During 2014, 2013 and 2012, we generated non-ticket revenues of $786.6 million, $668.4 million and $535.6 million,
respectively. Our non-ticket revenues are generated from charges for, among other things, baggage, bookings through certain of
our distribution channels, advance seat selection, itinerary changes and loyalty programs. The DOT has rules governing many
facets of the airline-consumer relationship, including, for instance, price advertising, tarmac delays, bumping of passengers
from flights, ticket refunds and the carriage of disabled passengers. If we are not able to remain in compliance with these rules,
the DOT may subject us to fines or other enforcement action, including requirements to modify our passenger reservations
system, which could have a material adverse effect on our business. The U.S. Congress and Federal administrative
agencies have investigated the increasingly common airline industry practice of unbundling the pricing of certain products and
services. If new taxes are imposed on non-ticket revenues, or if other laws or regulations are adopted that make unbundling of
airline products and services impermissible, or more cumbersome or expensive, our business, results of operations and financial
condition could be harmed. Congressional and other government scrutiny may also change industry practice or public
willingness to pay for ancillary services. See also “—We are subject to extensive regulation by the Federal Aviation
Administration, the Department of Transportation and other U.S. and foreign governmental agencies, compliance with which
could cause us to incur increased costs and adversely affect our business and financial results.”
The airline industry is particularly sensitive to changes in economic conditions. Continued adverse economic conditions
or a reoccurrence of such conditions would negatively impact our business, results of operations and financial condition.
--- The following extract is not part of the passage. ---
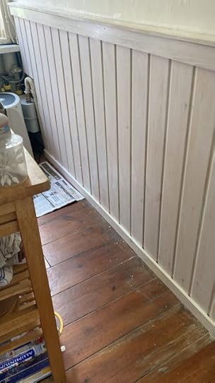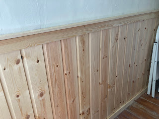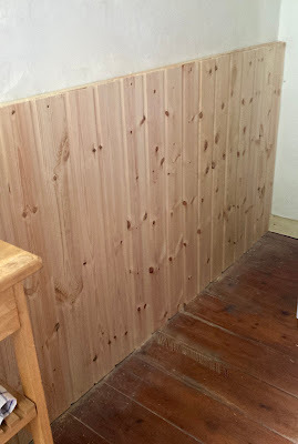 That aside, I've had to release my pent-up fidgets indoors, so I embarked on the big kitchen wainscoting project (Thanks to Dale Foster for reminding me of the correct word. I'd forgotten it through lack of use). In truth, it's not such a huge project as the length of the wall is only three metres, but ideas about putting it in our living room as well have emerged, so it could well grow.

Our business and the airline industry in general are affected by many changing economic conditions beyond our control,
including, among others:
changes and volatility in general economic conditions, including the severity and duration of any downturn in the U.S.
or global economy and financial markets;
changes in consumer preferences, perceptions, spending patterns or demographic trends, including any increased
preference for higher-fare carriers offering higher amenity levels, and reduced preferences for low-fare carriers
offering more basic transportation, during better economic times;
higher levels of unemployment and varying levels of disposable or discretionary income;
depressed housing and stock market prices; and
lower levels of actual or perceived consumer confidence.
These factors can adversely affect, and from time to time have adversely affected, our results of operations, our ability to
obtain financing on acceptable terms and our liquidity. Unfavorable general economic conditions, such as higher
unemployment rates, a constrained credit market, housing-related pressures and increased focus on reducing business operating
costs can reduce spending for price-sensitive leisure and business travel. For many travelers, in particular the price-sensitive
travelers we serve, air transportation is a discretionary purchase that they may reduce or eliminate from their spending in
difficult economic times. The overall decrease in demand for air transportation in the United States in 2008 and 2009 resulting
from record high fuel prices and the economic recession required us to take significant steps to reduce our capacity, which
reduced our revenues. Unfavorable economic conditions could also affect our ability to raise prices to counteract increased fuel,
labor or other costs, resulting in a material adverse effect on our business, results of operations and financial condition.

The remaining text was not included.